Original Year
# of pieces
Aircraft:  Airplanes
Canopy, Propellers,
Tilting wing
Other Views

8222 VTOL

iso revolve
Click the image to download the LDraw file of this model.
Model by Eric Albrecht

VTOL stands for Vertical Take-Off and Landing, a moniker used to refer to airplanes which can take-off and land like a helicopter.  This ability has been a dream of aviation engineers since the dawn of powered flight but has proved elusive to achieve.  8222 attempts this difficult feat by means of a tiltwing, a feature that has been tried experimentally but never used in a production aircraft.  On the other hand, tiltrotors are used in the Bell-Boeing V-22 Osprey which was very likely the inspiration for this model despite the differences, and was certainly the inspiration for the later 8434.  Those two models remain the only vertical take-off airplanes in the Technic stable.

This particular aircraft tilts the whole wing with a worm gear.  The props are not geared to anything but can spin, and the canopy can open manually.  This a single place aircraft and comes complete with a pilot.  The wing leading edge is made from flexible tubing.  The canopy uses the new angled connectors.  A detailed sticker is used for instruments in the cockpit.

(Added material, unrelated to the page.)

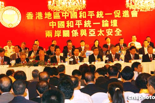 本次論壇由香港地區(qū)中國和平統(tǒng)一促進(jìn)會舉辦,主題是“兩岸關(guān)系與亞太安全”,議題包括中國現(xiàn)代化建設(shè)與國家統(tǒng)一大業(yè)的關(guān)系、“和平統(tǒng)一”方針最大的誠意和包容性、兩岸“三通”前景及對港臺關(guān)系的影響、解析臺灣問題與中美關(guān)系、“臺獨”勢力對亞太地區(qū)和平穩(wěn)定的影響、世界華人如何推動中國和平統(tǒng)一等十方面。來自兩岸、港澳及世界各地十七個國家的中國和統(tǒng)會組織代表,和僑領(lǐng)、專家、學(xué)者等約二百人在兩天的會期中,對當(dāng)前兩岸形勢各抒己見,共謀中國和平統(tǒng)一之道。

The wings of this model are quite fragile due to the fact that the tips are only connected to the root by an axle, and the two sides of the wing are only connected together at the tilt axis.


The twin 4-blade props are not connected to each other or driven by anything, but they can be spun manually on their axles.  The animation shows counter rotation of the props which seems appropriate for an aircraft like this, but technically one side would need to have reversed pitch on the blades for this to work.

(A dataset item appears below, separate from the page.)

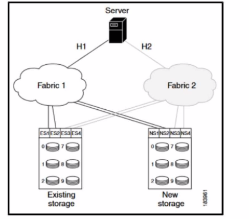 Refer to the exhibit. A Cisco engineer is planning a data migration job in heterogeneous SANs where the existing and new storage devices for the migration are already connected to the MDS switches. All paths from the SSM to the storage-connected switch are going through the Cisco fabric. The setup is with active/active arrays and multiple LUN sets. What is the best approach to copy the LUN sets to the new location?

Click for an animation of the propellers in motion.
A canopy made from angled connectors can be opened manually.  There is a handy thumb lever behind the pilot's head to assist in opening.
Click for an animation of the canopy in motion.
Wing Tilt
The entire wing including the engines can be rotated around an axis behind the pilot's head using a knob in the back driving a worm gear.  The worm gear whose use assures that the wing will hold any position is housed in a dedicated gearbox element.  The knob is geared down 24:1 with respect to the wing.
wing tilt    wing tilt
Click for an animation of the wing tilt in motion.
This pilot is wearing a blue and white flight suit.  His seat belts remain oddly attached to his body even when is out of the aircraft.  This is the same figure as in 8232 except for the color of the helmet.  They do not appear anywhere else.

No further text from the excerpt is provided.